Trial Begins for Iran Election Protesters



01 August 2009

Mohammad Ali Abtahi (c) gives testimony at revolutionary court in Tehran, 01 Aug 2009
Mohammad Ali Abtahi (c) gives testimony at revolutionary court in Tehran, 01 Aug 2009
About 100 Iranian activists and political moderates went on trial Saturday to face charges related to massive protests following the controversial presidential election. The semi-official Fars news agency published images of defendants sitting in a packed Tehran courtroom, some handcuffed in pairs.


Former reformist vice president Mohammad Ali Abtahi took the witness stand Saturday in a trial that is accusing key opposition figures of plotting to overthrow the government and fomenting violence.

Abtahi looked almost unrecognizable after having spent over a month in prison. He was dressed in gray pajamas and slippers as he took the witness stand.

Iranian TV said Abtahi admitted that opposition claims that the presidential elections had been rigged were "lies."

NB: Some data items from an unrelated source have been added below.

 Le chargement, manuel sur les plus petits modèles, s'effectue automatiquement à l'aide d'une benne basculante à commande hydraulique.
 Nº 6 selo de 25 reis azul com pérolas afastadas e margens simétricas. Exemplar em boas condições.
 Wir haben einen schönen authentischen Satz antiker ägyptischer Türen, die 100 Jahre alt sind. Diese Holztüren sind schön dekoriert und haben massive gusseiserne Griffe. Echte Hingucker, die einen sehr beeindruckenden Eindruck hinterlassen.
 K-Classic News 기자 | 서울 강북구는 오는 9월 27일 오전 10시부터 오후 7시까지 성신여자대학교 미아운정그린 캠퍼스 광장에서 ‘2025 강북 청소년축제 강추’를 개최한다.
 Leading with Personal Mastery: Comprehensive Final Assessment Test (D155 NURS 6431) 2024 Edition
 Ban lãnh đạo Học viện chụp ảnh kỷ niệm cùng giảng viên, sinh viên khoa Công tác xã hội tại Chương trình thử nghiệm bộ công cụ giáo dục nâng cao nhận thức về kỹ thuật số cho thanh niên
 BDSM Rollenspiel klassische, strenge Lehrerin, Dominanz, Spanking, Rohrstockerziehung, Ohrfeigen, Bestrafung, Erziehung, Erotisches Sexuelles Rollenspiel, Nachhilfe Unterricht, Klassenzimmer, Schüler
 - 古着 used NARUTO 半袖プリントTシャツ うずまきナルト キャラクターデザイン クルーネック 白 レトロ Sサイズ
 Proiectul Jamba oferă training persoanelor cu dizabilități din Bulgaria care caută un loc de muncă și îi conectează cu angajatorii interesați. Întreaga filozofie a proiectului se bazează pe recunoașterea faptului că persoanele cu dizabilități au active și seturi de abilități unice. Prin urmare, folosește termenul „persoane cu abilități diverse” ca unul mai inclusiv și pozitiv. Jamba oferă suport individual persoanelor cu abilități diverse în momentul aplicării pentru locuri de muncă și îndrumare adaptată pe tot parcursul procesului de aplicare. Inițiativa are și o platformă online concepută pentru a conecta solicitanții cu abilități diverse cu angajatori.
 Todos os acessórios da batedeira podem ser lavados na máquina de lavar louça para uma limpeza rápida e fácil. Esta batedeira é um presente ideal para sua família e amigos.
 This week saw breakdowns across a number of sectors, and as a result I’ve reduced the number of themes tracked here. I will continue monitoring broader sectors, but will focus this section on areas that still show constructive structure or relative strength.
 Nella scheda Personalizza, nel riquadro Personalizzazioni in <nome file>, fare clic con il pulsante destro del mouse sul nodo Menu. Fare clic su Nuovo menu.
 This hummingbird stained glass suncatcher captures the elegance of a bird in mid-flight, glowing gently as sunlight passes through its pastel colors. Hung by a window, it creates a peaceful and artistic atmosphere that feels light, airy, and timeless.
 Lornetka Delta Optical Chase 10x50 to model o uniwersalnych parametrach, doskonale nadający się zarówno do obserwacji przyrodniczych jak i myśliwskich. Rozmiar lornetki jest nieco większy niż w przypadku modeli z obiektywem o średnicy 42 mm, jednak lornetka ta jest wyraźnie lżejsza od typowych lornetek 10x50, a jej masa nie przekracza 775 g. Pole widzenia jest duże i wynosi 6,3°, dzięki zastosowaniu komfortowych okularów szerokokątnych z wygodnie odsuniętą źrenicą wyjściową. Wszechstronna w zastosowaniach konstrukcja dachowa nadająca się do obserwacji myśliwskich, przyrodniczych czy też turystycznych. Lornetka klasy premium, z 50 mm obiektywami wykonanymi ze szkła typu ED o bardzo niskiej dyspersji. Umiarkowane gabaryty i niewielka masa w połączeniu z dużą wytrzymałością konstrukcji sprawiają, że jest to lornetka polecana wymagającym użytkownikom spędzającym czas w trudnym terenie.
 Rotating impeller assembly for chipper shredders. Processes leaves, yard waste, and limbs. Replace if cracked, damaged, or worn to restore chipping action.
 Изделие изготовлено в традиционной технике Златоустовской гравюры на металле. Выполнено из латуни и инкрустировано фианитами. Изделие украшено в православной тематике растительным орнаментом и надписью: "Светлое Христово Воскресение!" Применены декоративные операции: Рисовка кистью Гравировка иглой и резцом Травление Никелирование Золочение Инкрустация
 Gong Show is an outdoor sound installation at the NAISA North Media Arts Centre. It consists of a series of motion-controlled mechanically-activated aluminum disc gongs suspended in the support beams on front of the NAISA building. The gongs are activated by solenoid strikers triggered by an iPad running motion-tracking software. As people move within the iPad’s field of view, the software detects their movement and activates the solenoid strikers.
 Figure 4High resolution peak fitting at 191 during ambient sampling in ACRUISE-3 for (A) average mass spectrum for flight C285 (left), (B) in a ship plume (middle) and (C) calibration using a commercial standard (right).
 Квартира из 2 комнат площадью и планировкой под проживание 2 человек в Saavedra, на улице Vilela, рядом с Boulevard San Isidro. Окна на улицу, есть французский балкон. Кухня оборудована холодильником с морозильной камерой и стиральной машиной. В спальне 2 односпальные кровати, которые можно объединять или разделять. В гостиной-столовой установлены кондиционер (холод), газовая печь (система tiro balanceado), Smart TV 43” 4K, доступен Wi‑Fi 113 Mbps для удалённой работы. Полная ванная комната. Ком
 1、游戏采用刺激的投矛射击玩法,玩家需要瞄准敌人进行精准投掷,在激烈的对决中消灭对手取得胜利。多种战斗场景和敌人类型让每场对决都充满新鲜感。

The Fars news agency reported that Abtahi denounced former presidents Mohammed Khatami and Ali Akbar Hashemi Rafsanjani for trying to "take revenge on [incumbent President Mahmoud] Ahmedinejad and the Supreme Leader [Ali Khamenei]."

Fars also reported that 100 defendants were on trial, showing pictures of them in the front rows of a packed courtroom, with police guards around them.

Iran analyst Mehrdad Khonsari of the London-based Center for Arab and Iranian Studies, argues that Saturday's trials are intended to frighten reformists into backing down in their challenge of the government:

"It's part and parcel of the regime's strategy to intimidate and scare the public into inaction and to use these trials as staging points for warning the elites within Iranian society not to get involved in any kind of activity aimed at discrediting or delegitimizing the government," he said. "The people who have been arrested, I think, will ultimately have to be set free, but the idea is to threaten them with a sentence that they would not necessarily implement, that would deter them from any further defiance of the state."

Despite the Iranian government's attempts to force opposition leaders leaders to back down, Khonsari thinks that the opposition movement "remains robust."

U.S.-based group Human Rights Watch says some prominent lawyers were arrested over the past weeks to prevent them from representing activists in court.

The group says authorities have used harsh interrogations and beatings in an effort to extract false confessions from detainees.

According to Fars, some of the major politicians appearing in court Saturday are former parliament vice speaker Behzad Nabavi and former government spokesman Abdollah Ramezanzadeh. The full list of defendants is not known.